Mais les protestations qui ont déjà émergé aujourd’hui rendent la situation encore plus volatile, faisant planer le spectre d’affrontements entre les deux camps. Pour prévenir ce potentiel de violence, Saied et les partis politiques doivent désamorcer la situation et négocier une sortie de crise. La position de l’UGTT et d’autres acteurs de la société civile sera cruciale à cet égard : combien de temps avant qu’ils n’interviennent à nouveau pour aider à la médiation afin de sortir de cette crise ?

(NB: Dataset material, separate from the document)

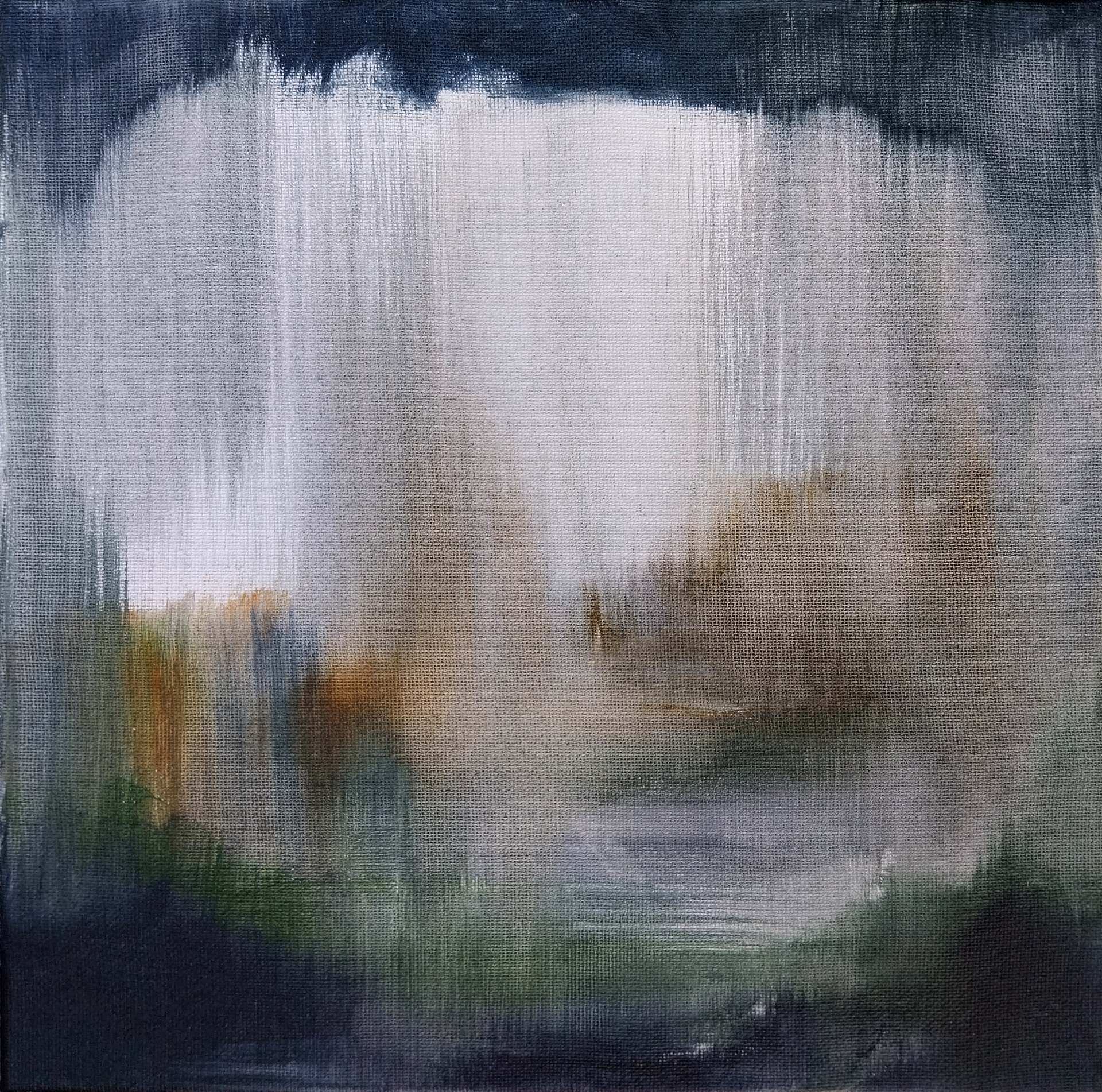 Pesanteur 7 s'apparente visuellement aux toutes premières photographies existantes, avec une lumière voilée par une texture diaphane, donnant l’impression que le paysage naturel en devient surnaturel. J’ai utilisé tout un jeu de dilutions pour parvenir à créer cette ambiance éthérée, proche des estampes japonaises et de leurs montagnes brumeuses. La lumière a été rendue par le fond blanc de la toile sans ajout de matière pour éviter toute lourdeur dans la facture. Ainsi, les différentes zones de la toile ont été reliées entre elles par une série de coups de pinceau exclusivement verticaux, rendant compte dans une sorte d’estompe globale de la relation directe existant entre le ciel et la terre. Il apparaît une tension dans la lumière qui est attirée a la fois par la gravité de la terre et par celle de la voûte céleste.

Un autre facteur important à surveiller est la réaction de la communauté internationale. À l’exception de la Turquie, qui s’est fermement opposée à la «suspension du processus démocratique» par Saied, la plupart des pays et des organismes qui sont intervenus (l’Allemagne, l’Union européenne, les Nations unies et les États-Unis) ont généralement adopté une approche attentiste, exprimant leur inquiétude et appelant à la retenue et au dialogue. Pourtant, si les démocraties du monde ne se prononcent pas fermement contre la tentative de coup d’État, cela laisse la possibilité à des puissances contre-révolutionnaires comme l’Arabie saoudite et les Émirats arabes unis d’influencer la crise en soutenant Saied, comme ils l’ont fait pour l’Égyptien Abdel-Fattah el-Sissi. Alors que l’économie tunisienne est en plein marasme, le soutien – et l’aide – de l’étranger pourraient bien déterminer l’issue de cette crise, en bien ou en mal.

Radioscopie de la nouvelle constitution
La nouvelle constitution de la Tunisie supprime de nombreux freins et contrepoids de la constitution de 2014 et centralise fermement le pouvoir entre les mains du président. Dans le nouveau système, le président nomme unilatéralement le premier ministre et le cabinet. Le pouvoir législatif est affaibli et divisé en deux organes. Le pouvoir judiciaire est réduit à une fonction administrative du pouvoir exécutif sous le contrôle du président. Le président ne peut être mis en accusation.